Leak in Willets Causes Some Ceiling Collapse

Editor’s note: This article was initially published in The Daily Gazette, Swarthmore’s online, daily newspaper founded in Fall 1996. As of Fall 2018, the DG has merged with The Phoenix. See the about page to read more about the DG.

Ceiling damage caused by leakage in Willets

Willets’ third floor has reported several leaks that appear to have been caused by rainwater dripping through the ceiling. Maintenance has reported making repairs on September 15, however, the first test of the Willets’ roof will be the next rain shower and many students have voiced concern.

“The story of the leak,” writes Willets Third resident Jean Dalhquist ’11 in an online interview, “is that it rained… a lot… and then there was a piece of ceiling on the floor the size of a small child and our own little lake.” Leaks have been identified in both bathrooms as well as the central stairwell.

Robin Collin ’11, another resident first noticed the leaks about a week ago, “The ceilings began to leak the first rainy day we had since school began. The leak in the girls’ bathroom is right next to the lights near the toilet stalls and the paint is peeling off the ceiling.

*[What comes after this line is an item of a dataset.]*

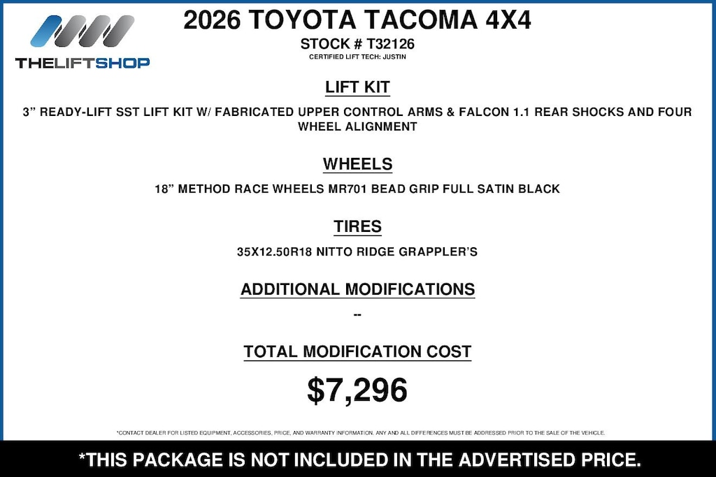 At Lifted Trucks, transparency is our priority. While we strive to provide accurate descriptions of our vehicles, please understand that errors may occur due to the human element involved in the process. All advertised vehicles are subject to actual dealer availability. Certain vehicles listed may not be available, or may have different prices. Prices exclude state tax, license, document preparation fee, smog fee, and finance charges, if applicable. Vehicle options and pricing are subject to change. Prices include all dealer rebates and dealer incentives. Pricing and availability varies by dealership. Please check with your dealer for more information. The dealer is not responsible for specific accessories or options that came with the vehicle when sold new, some of these options might pull from the vin number and be listed on our website, but what you see in the photos is what the vehicle will come with, nothing additional. Images displayed may not be representative of the actual trim level of a vehicle. Colors shown are the most accurate representations available. However, due to the limitations of web and monitor color display, we cannot guarantee that the colors depicted will exactly match the color of the car. Information provided is believed accurate but all specifications, pricing, and availability must be confirmed in writing (directly) with the dealer to be binding. Neither the Dealer nor Dealer.com is responsible for any inaccuracies contained herein and by using this application you the customer acknowledge the foregoing and accept such terms.

Whenever it rains the floor is drenched in water and the same occurs in the stairwells.”

Swarthmore’s Director of Maintenance, Ralph P. Thayer, was first made aware of the leak on September 8 and identified the problem as “a section of metal called a termination bar which binds the EPDM rubber roof membrane to the coping (topmost part of the exterior wall).” The roof repair company then made repairs on September 15.

Thayer elaborated that while EPDM is a common roofing material that resists the sun’s heat well, it is difficult to patch with tar products and must be “absolutely dry and clean to affect repairs.” He explained, “In a rain storm with an active leak that’s a real problem.” Willets’ roof is scheduled to be replaced in a few years, the current roof dating to 1990.

Some students, however, are voicing concerns that more attention should be paid to these kinds of maintenance issues. Jake Mrozewski ’11, citing leaks in Willets and Sharples, states, “For a school with such a high budget-to-student ratio, problems that affect day-to-day living seem to take longer to address than things like landscaping ‘issues.’ Why do kids pay so much if the paint is peeling in the dorms and the roofs are leaking?”

Willets Third South R.A. Kelsey Hatzell ’09, offers a somewhat different perspective: “The leak has been somewhat of a bonding experience on Willets Third South. It promotes daily conversations on which area to be especially cautious about in terms of ceiling fragments cascading from the walls.”


  1. While I realize that the school’s large endowment and “high budget-to-student ratio” is often cited in regards to various issues, I think this issue (and others like it, i.e. the Sharples leak) is just embarrasing.

    On the other hand, I rarely see students making any exceptional effort (or any effort at all, perhaps) to take care of the dorms for future classes, or for themselves for that matter. Maybe someone should start a group for that too.